Moreover, these updated estimates of diversity upend the well-established association between diversity and economic growth. New estimates of Easterly and Levine's (1997) models indicate that the original result was likely driven by the association between GDP and errors in measures of diversity.

1. Comparison with Existing Estimates of Diversity

Until the compensatory weights are calculated and applied to each survey, I run some preliminary analysis using the simple average of surveys for each country, recognizing that these may still reflect some systematic measurement error.

The first set of analyses compare my survey-based diversity estimates with the existing indices calculated by Alesina et al. and Fearon. The survey-based indicates are less strongly correlated with the existing indices (r = 0.752 and 0.754, respectively) than they are to one another (0.930). The correlations are weaker when the existing indices are based on rounded numbers and stronger when the indices use group-sizes that are based on a census. Bivariate scatterplots with fitted LOWESS lines indicate more survey-based diversity in countries previously identified as homogenous and less diversity in those previously identified as heterogeneous.

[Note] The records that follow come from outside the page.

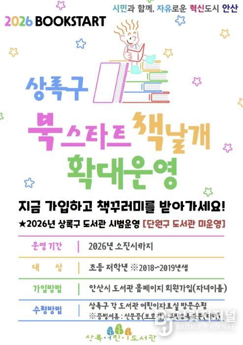 브릿지저널 김경미 기자 | 안산시는 상록구 소재 도서관에서 운영 중인 ‘북스타트 사업’ 대상을 기존 영유아에서 초등학교 저학년 학생까지로 확대한다고 30일 밝혔다.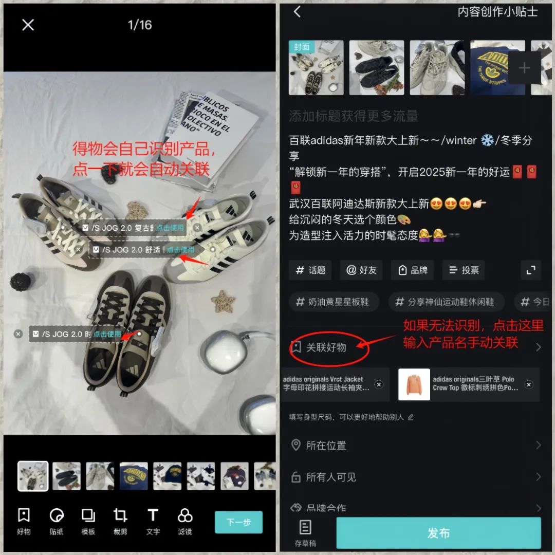 4.打开 得物APP,点击 发布动态。把提取好的文案和图片粘贴进去。关联 相关商品,然后发布。
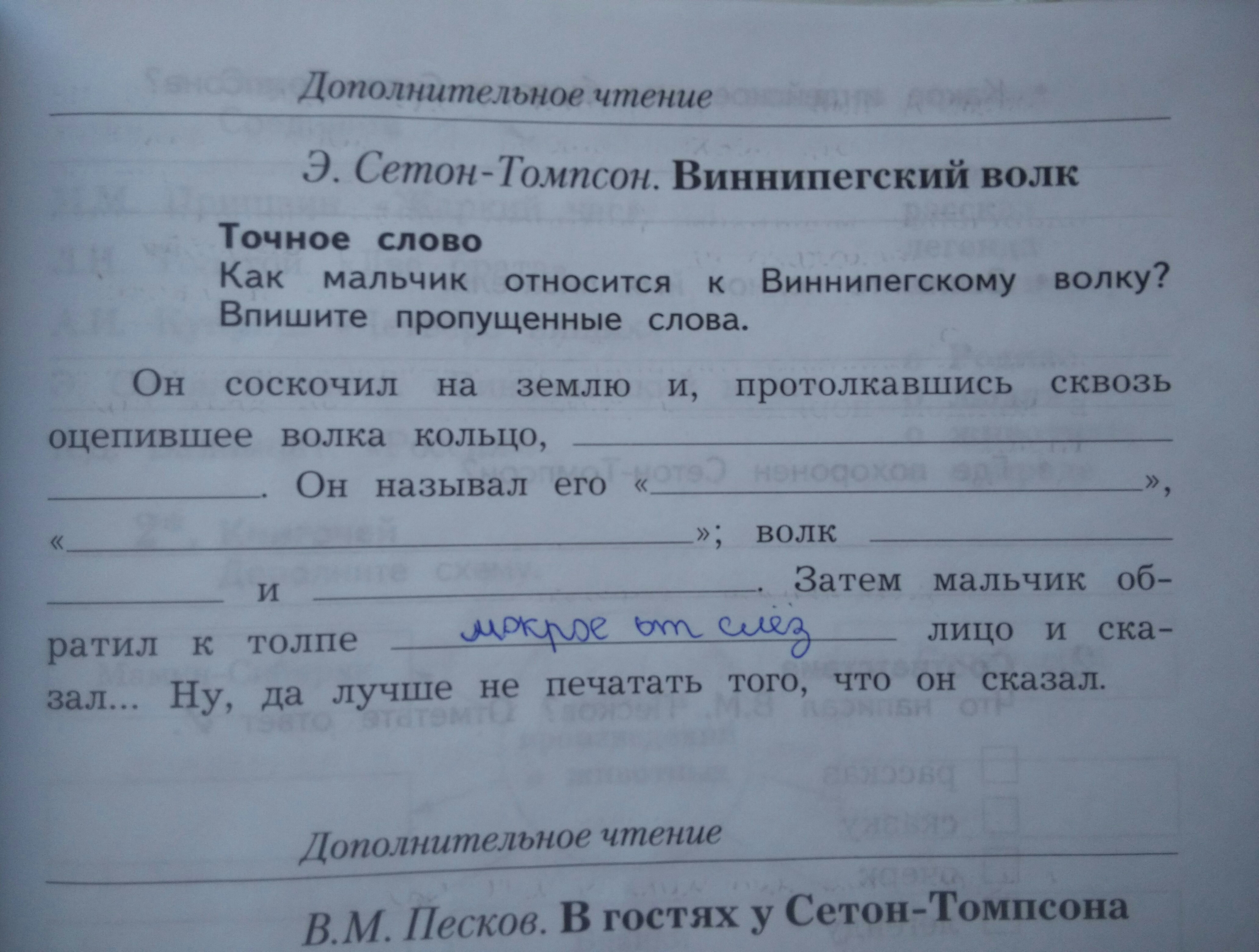 Он соскочил на землю и, протолкавшись сквозь оцепившее волка кольцо, обхватил его шею руками. Он называл его «милым волчком», «дорогим волчишкой»; волк лизал ему лицо и махал хвостом. Затем мальчик обратил к толпе мокрое от слез лицо и сказал... Ну, да лучше не печатать того, что он сказал.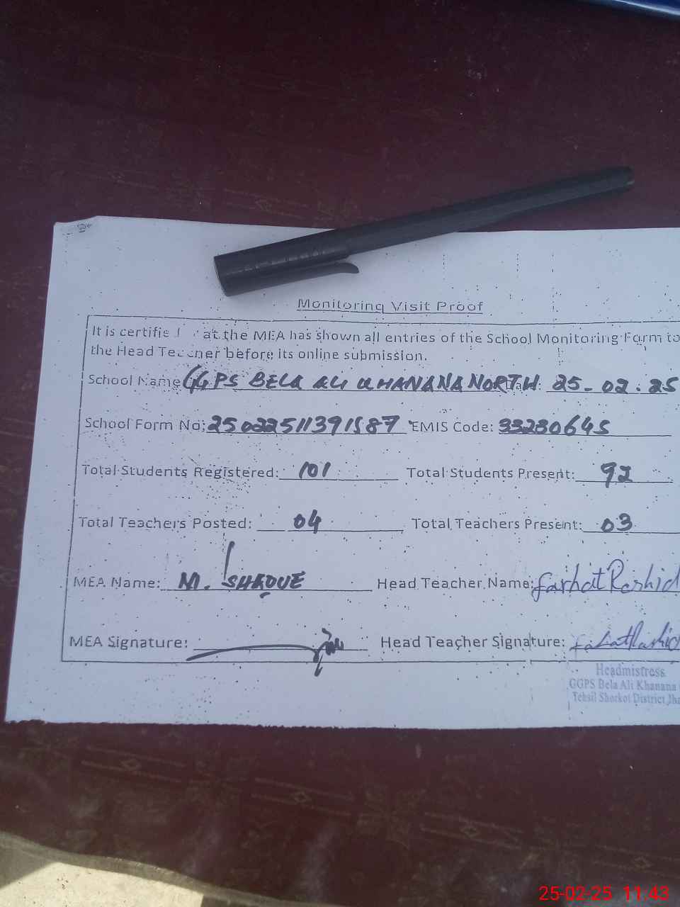 | EMIS Code: 33230645 | Name of School: GGPS BELA ALI KHANAN NORTH | |||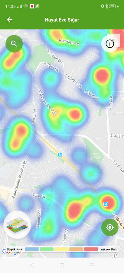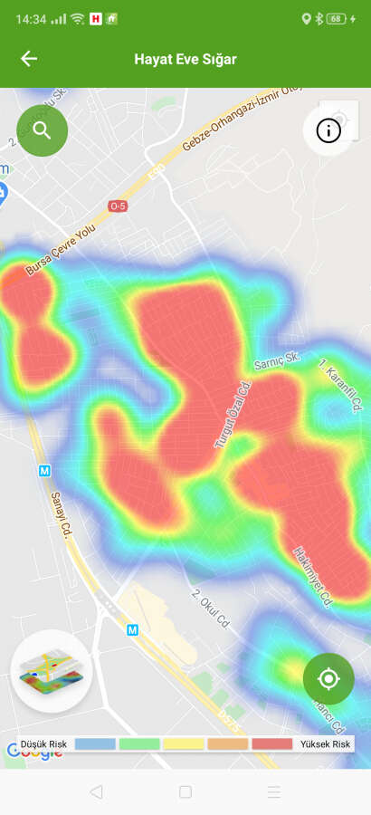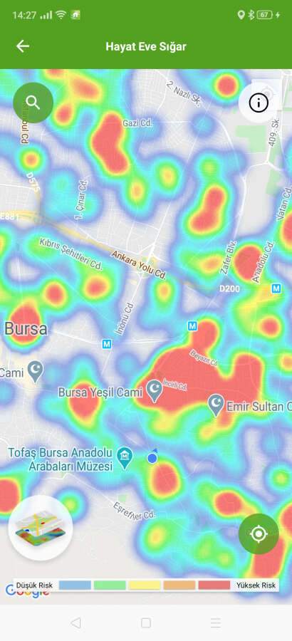'Hayat Eve Sığar' uygulamasıyla ilçe ilçe koronavirüs yoğunluk haritasına erişilebiliyor. Uygulamaya göre kırmızı alanlar yüksek riskli alanları gösterirken, mavi alanlar ise düşük riskli bölgeleri temsil ediyor. İşte Bursa'nın ilçe ilçe mahalle mahalle Temmuz ayı itibariyle güncellenen koronavirüs youğunluk haritası...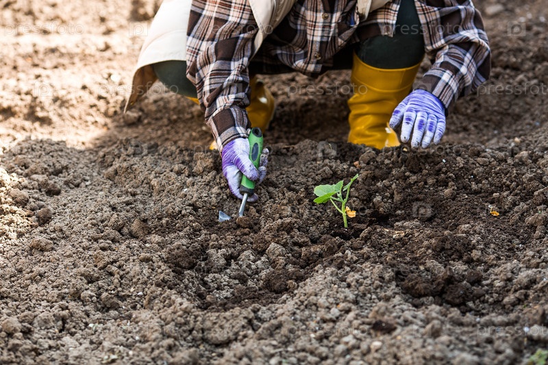 Руки женщины в садовых перчатках держат молодое растение в земле. Тыквенные и кабачковые саженцы высаживают в грунт. Концепция весенней посадки овощей и сельского хозяйства
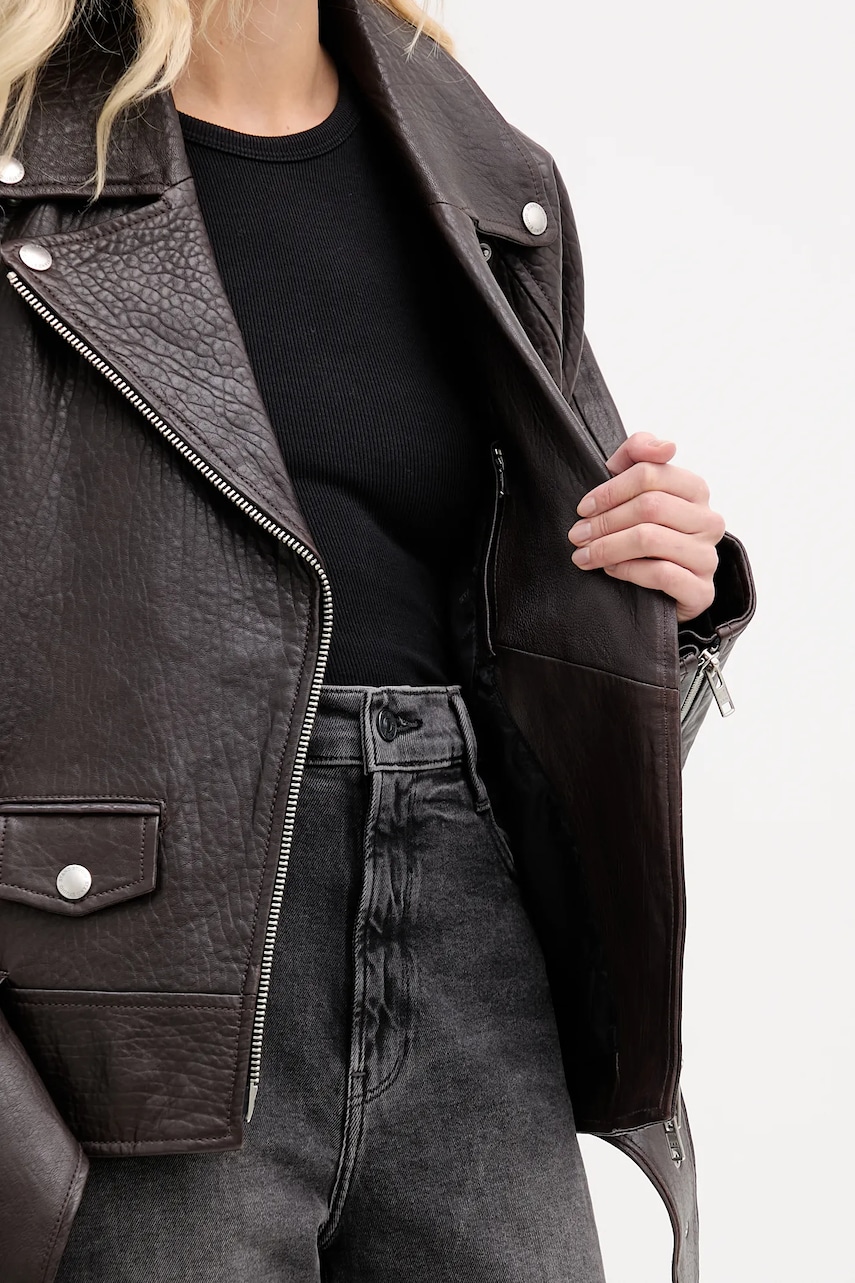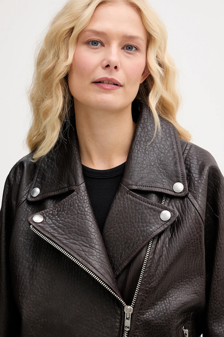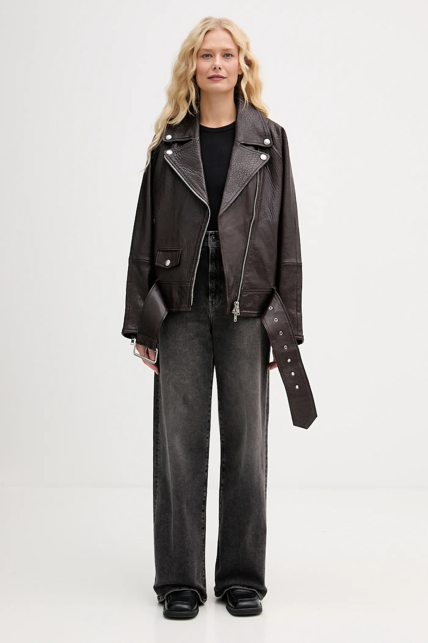 Stand Studio ramoneska skórzana Romy kolor brązowy przejściowa oversize 66617-7970

Because the survey-based indices are sample statistics, I calculate confidence intervals around my estimates. Using these, I find that my survey-based indices are statistically different from the existing ones in over 85% of cases. When I force the survey data into Alesina et al.'s and Fearon's ontologies, I continue to find significant differences in over 65% of cases. This indicates that the survey-based diversity metrics differ from the existing ones largely because the surveys produce different estimates of ethnic group-size, not just because they include different ethnic groups.

2. Models of Ethnic Diversity and Economic Growth

As a preliminary exercise, I use the survey-based estimates of diversity to re-examine the long-standing correlation between ethnic diversity and economic growth, first published by Easterly and Levine in 1997 using diversity calculated by Taylor and Hudson (1972) based on group-size estimates from the Atlas Naradov Mira. The significant negative correlation was confirmed by Alesina et al. using their updated diversity indices.

Because the quality of information about ethnic group-size is correlated with economic development, the apparent relationship between diversity and growth may be driven by systematic measurement error. Since survey availability is uncorrelated with development, the survey data can be used to identify the "true" association between diversity and growth.

Substituting my survey-based diversity estimates in place of the existing indices, I find that the association with growth weakens to the point that it is no longer significant. The new result is closest to the original, where diversity was measured using the Soviet Atlas rather than the secondary sources. This would indicate that the measurement error in the Atlas is less severe or less correlated with variation in development. Across the different models, the coefficients on income and income-squared seem to be the most affected by the inclusion of the survey-based diversity metric.

I confirm that the null effect is not driven by ontological differences between the surveys and the existing indices. I do so by forcing the survey responses into the list of ethnic categories reported by both Alesina et al. and Fearon, confirming that the coefficient on diversity remains statistically insignificant.